Here’s how it happens. You set your goal: ask for more money, launch a new product, increase your company sales, lose weight or stick to an exercise program. You’re excited and motivated to achieve this particular goal. You make an action plan and start taking action. Then a day,or week or two pass and you stop following through with said action steps. You are too busy, tired, pre-occupied, etc etc. Your inner dialogue is beating you up. You give up and the goal gets put on the back burner.
This pattern of starting and not finishing is downright painful. Most people deal with living in inconsistencies, denial, and constantly battling with inner selves.
Though it doesn’t have to be this way.
The first step is to identify your strongest desires and goals AND identify your competing drives. ( You may need to dig a little to understand why you are self-sabotaging)

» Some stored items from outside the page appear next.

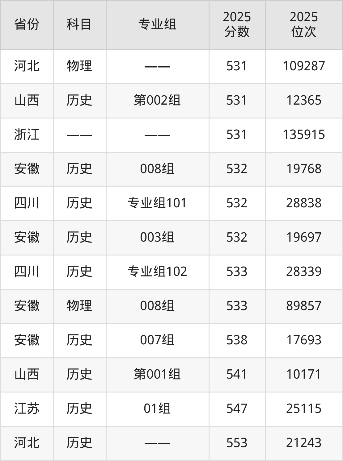 2025年阜阳师范大学全国排名第318位,2025年录取分数线最低429分(位次58069)。本文将展示阜阳师范大学在各省最低录取分数线汇总,供2026届想要报考该校的考生查阅。
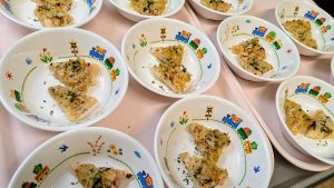 (写真は離乳食後期です。年齢によって形、固さ、盛り付け量を変えて、提供しています。)
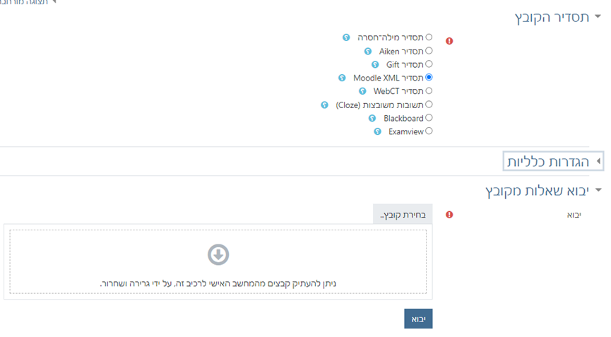 - בתסדיר יש לבחור את אותו סוג הקובץ שבו השאלות נשמרו.
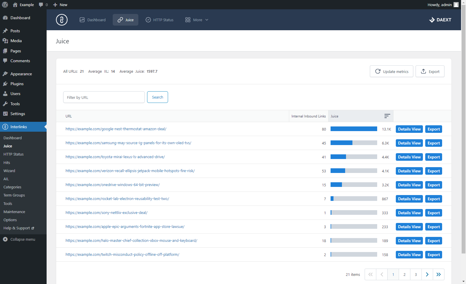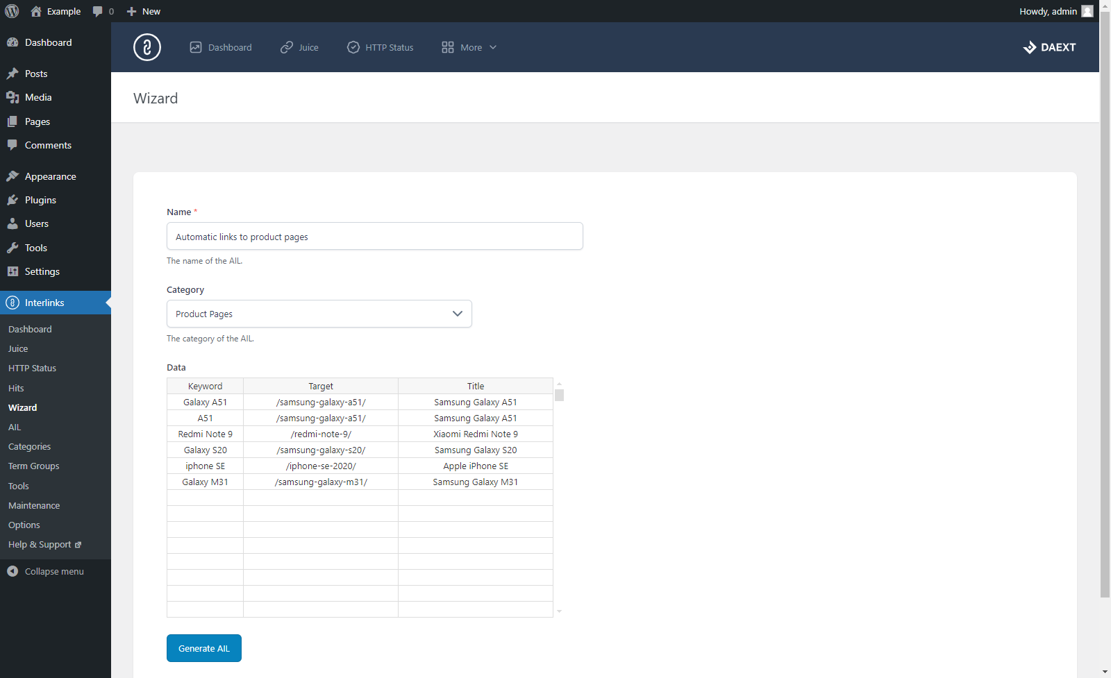 Con Interlinks Manager puoi convertire specifiche parole chiave o frasi in link interni. Usa questa funzione per aumentare le visite alle pagine dei tuoi prodotti, automatizzare il tuo programma di affiliazione, collegare parole chiave che fanno parte di un glossario e altro ancora.

For example, if your goal is to lose weight, you’ll want to look at why you are where you are right now. How has extra weight served you? Maybe if you are heavier, you stay home more and don’t socialize, keeping you “safe” Perhaps eating is a way for you to calm down your stress. Maybe you associate delicious meals with friendship and connection. There are actually good reasons why we keep doing what we say we want to change. Payoffs can be forms of protection and comfort.
Another good question to ask yourself: What will it cost me if I don’t make this change?
Most of us have goals that we have resistance to. When we name it, we can address it.